Yorba Linda Trustee Responds to Criticism for Attending Trump Rally

Yorba Linda Trustee Responds to Criticism for Attending Trump Rally
Protesters mass in front of the U.S. Capitol building in Washington on Jan. 6, 2021. (Courtesy of Mark Simon)
1/18/2021
Updated:
1/19/2021

A trustee for the Placentia-Yorba Linda Unified School District (PYLUSD) who was once part of an anti-terrorism effort by the Los Angeles County Sheriff’s Department following the 9/11 attacks says her attendance at the pro-President Donald Trump rally in Washington, D.C., on Jan. 6 doesn’t make her a “terrorist” or an “insurrectionist,” as her detractors have claimed.

Leandra Blades went on a “girls’ trip” to Washington to hear Trump speak because she’s always wanted to go to one of his rallies, she told The Epoch Times on Jan. 18. A social media post by one of her girlfriends included a photo of them at the rally; that image was later used by people within the school district to demand her resignation, she said.

“I’m not resigning. I’m not backing down. I’m not going to hide just because I have a conservative viewpoint,” Blades said.

The photo was taken before the breach of the Capitol building, where rioting ultimately resulted in five deaths.

A group on Change.org named PYLUSD Against Terrorism claims that Blades, in a social media post about the Capitol breach, “supported the domestic terrorists while spreading false information, referring to those who attended the rally (and eventually rioted) as ‘patriots’ and blamed the fictional organization ‘ANTIFA’ for the actions committed by the ‘patriots’ she so openly supports.”

A Change.org petition demanding her resignation had garnered thousands of signatures as of Jan. 18.

“There is a group of students in our school district who have started an Instagram page called ‘PYLUSD Against Terrorism,’” Blades said. “I’m a retired police officer, and after 9/11, I was a terrorism liaison officer for the department I worked for.

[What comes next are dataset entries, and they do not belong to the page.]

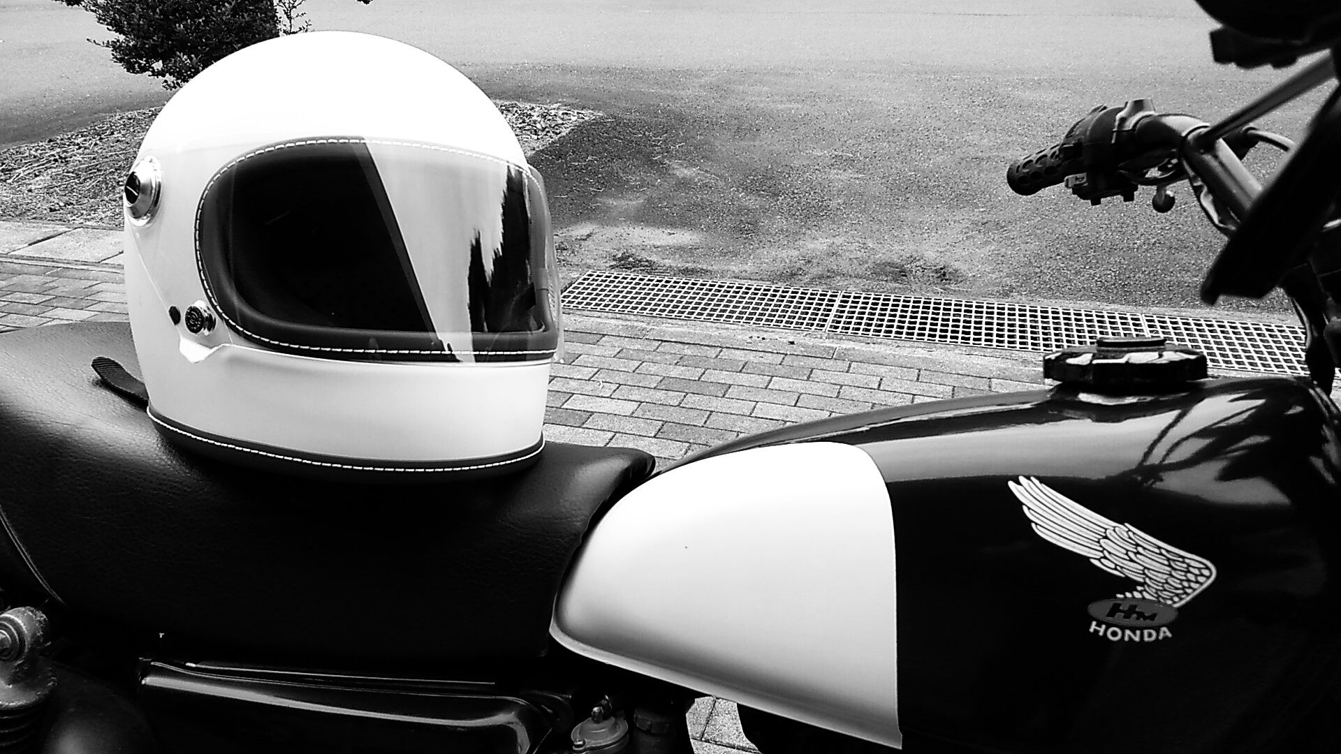 今日も新しいヘルメットで村内をクルーズ。肌寒いのでフルフェイスヘルメットの効果がバッチリですね。チークパッドって、頬の部分の内装材が頬をギュッと押さえつけるのがまだちょっと違和感。まあ、そのうち慣れるさ。バイクとの相性も確認。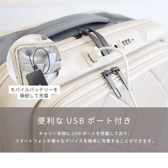 | 【便利なUSBポート付き】 キャリー本体にUSBポートを搭載しており、スマートフォンや様々なデバイスを簡単に充電することができます。 |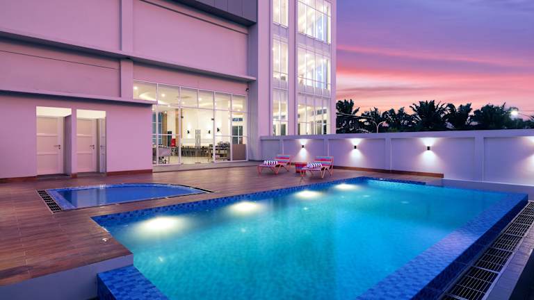 Im favehotel Kediri haben Gäste die Möglichkeit, im Fitnessraum zu trainieren oder im Aussenpool zu schwimmen. Das Planschbecken sorgt dafür, dass auch die Kinder ihren Spass haben. Auf der Terrasse können die Gäste die schöne Witterung geniessen.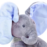 Lewa stópka uruchamia „Peek‑a‑boo, where are you?!” – słonik zachęca dzieci do zabawy w chowanego i interakcji.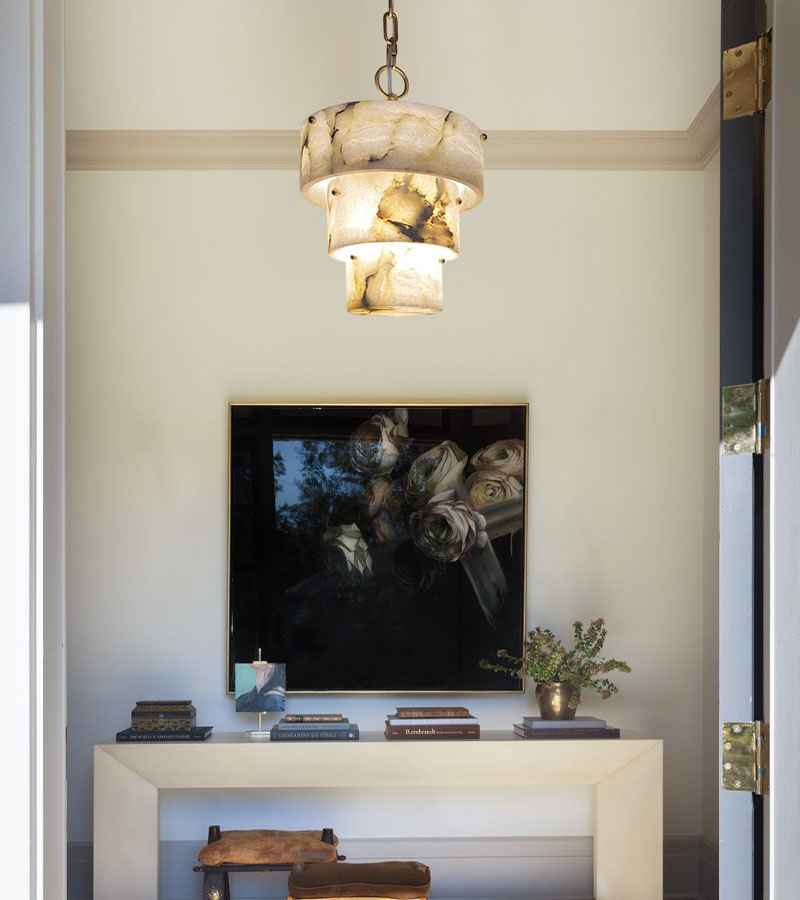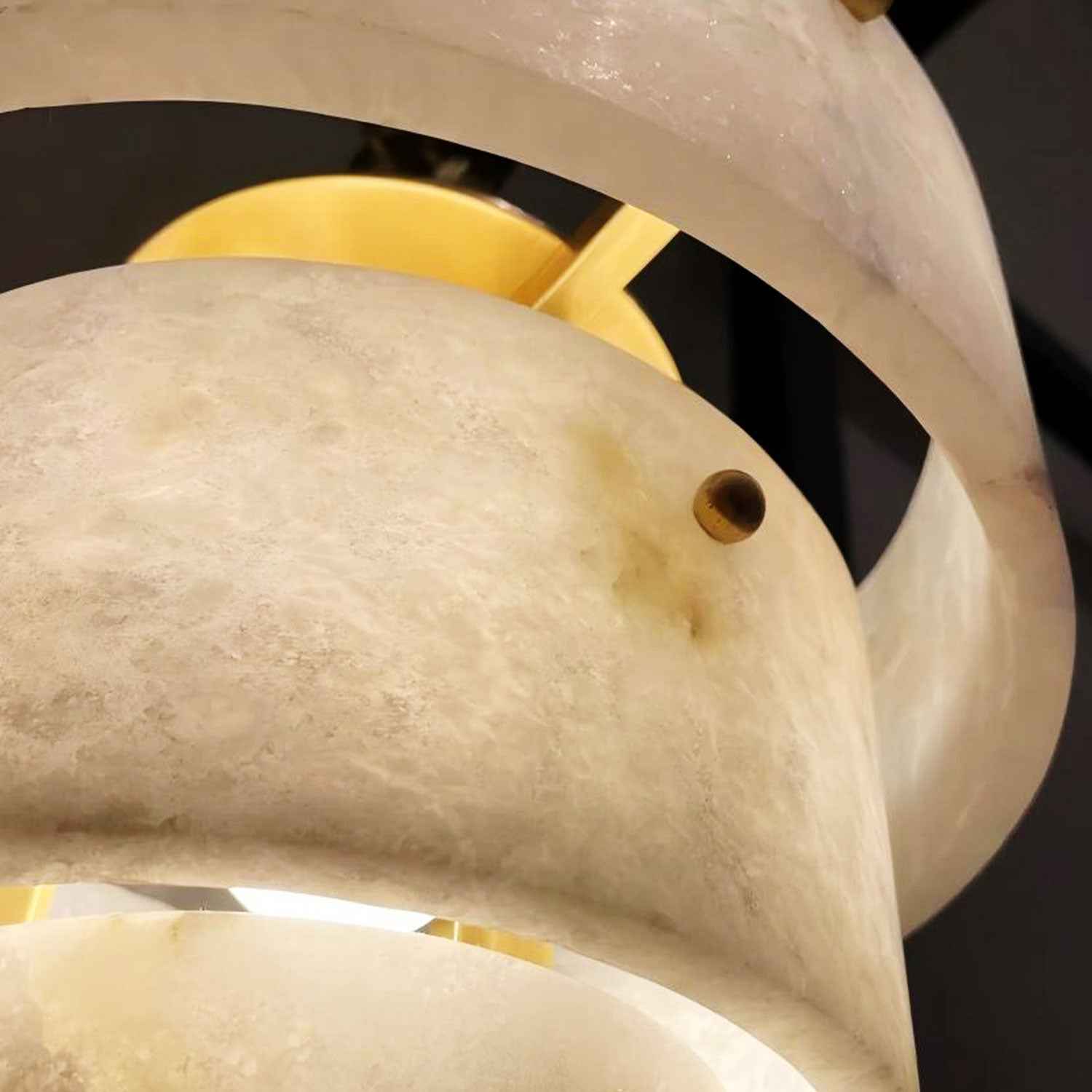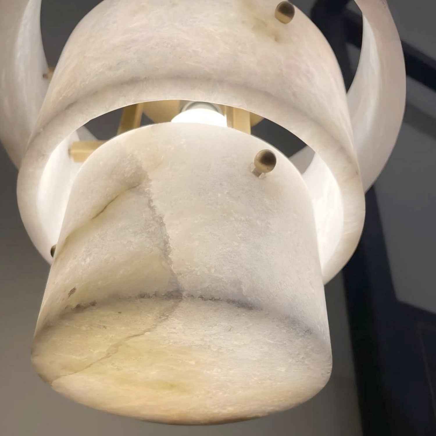 Gleaming golden brass elements frame the pendant, adding a touch of opulence while complementing the alabaster’s soft, earthy tones.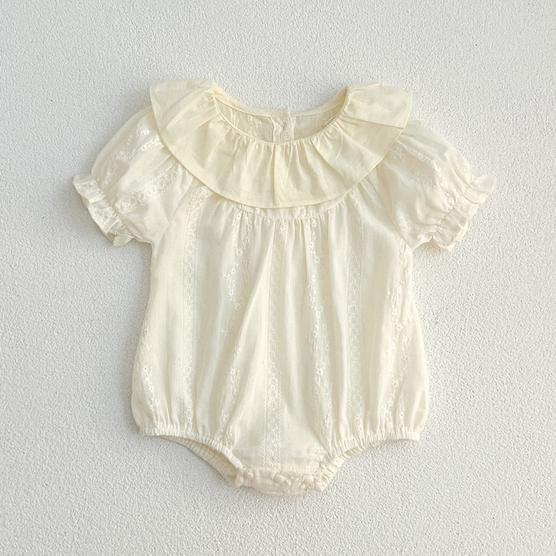 🎀 Set bao gồm: 1 áo liền quần thêu trái dâu + 1 băng đô cài tóc ton-sur-ton cực xinh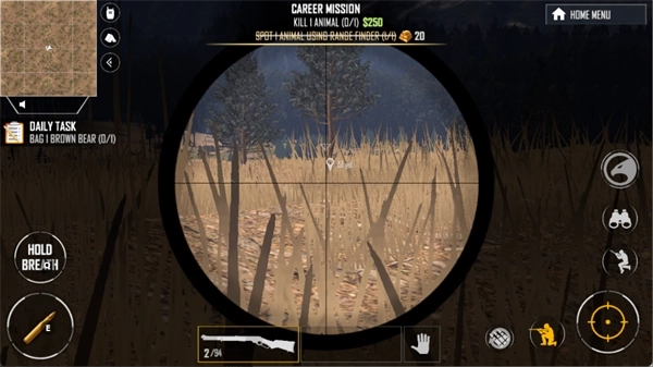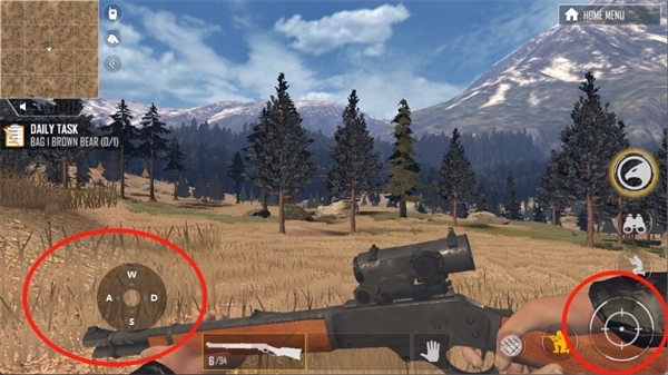 1、准星由屏幕中心区域操控,右下角为子弹发射键,左下角是开镜按钮;开镜状态下,通过滑动镜头边缘可提升放大倍数,同时能在右下角开启红外线功能。屏幕左右两侧均设有移动按键,猎人可借此左右移动以调整至合适视角,不过移动范围相对有限。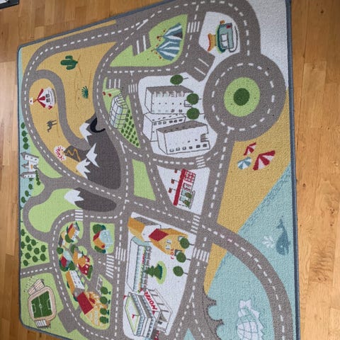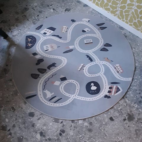Troll barnmatta med rymdtema, rund form och tryck med solsystemets planeter och rymdobjekt. Mattan har mjuka färger och är lämplig för barnrum.

“It’s awful to be called a terrorist when all I’ve ever done as a law enforcement officer is wanting to uphold the law. I believe in law and order. I’m a strong supporter of our Constitution, and I’m a strong supporter for the Constitution for both sides.”

She added, “I’m not a terrorist, and I’m not an insurrectionist—not any one of these things that I’ve been called.”

Blades, who became a trustee for the PYLUSD near the end of 2020, said she believes people are reacting to her conservative views.

“We left the rally because we heard that there was violence inside and that’s not what I was there for, that’s not what my friends were there for, that’s not what the people around us were there for,” Blades said.

Prior to the storming of the building, there was a lot of singing of “God Bless America,” she said.

“There was a lot of waving of flags. It wasn’t until my husband texted me and asked if I was OK. I said ‘yes’, and then, he said: ‘Someone’s been shot inside the Capitol.’ My response was that I don’t believe anyone was inside the Capitol. That was when he told me ‘No, there’s people inside the Capitol and there’s people taking selfies inside Nancy Pelosi’s office.”

Blades says that from her group’s perspective, everything appeared calm.

“We were at the Capitol standing around watching everything go on. That’s why we were so shocked to hear that anyone is inside the Capitol Building. It was kind of bizarre because we weren’t seeing anything. We just saw people waving flags.”

Blades’s efforts to respond to her accusers have been emboldened conservative parents and students in the district, she said. A group called Freedom of Speech has started its own Change.org petition, called Stand with Leandra Blades, in a show of support for her.

“Parents in the district have come out and told me they feel like they have no voice whatsoever because they feel like if they come out and just tell their beliefs that they will be bullied so bad. They are bullied into silence.”

She said schools should start looking to keep “the politics and the social justice issues out of the classroom and going back to teaching the subjects that we are there to teach.

“We can do so much better not just as a community, but as a nation.”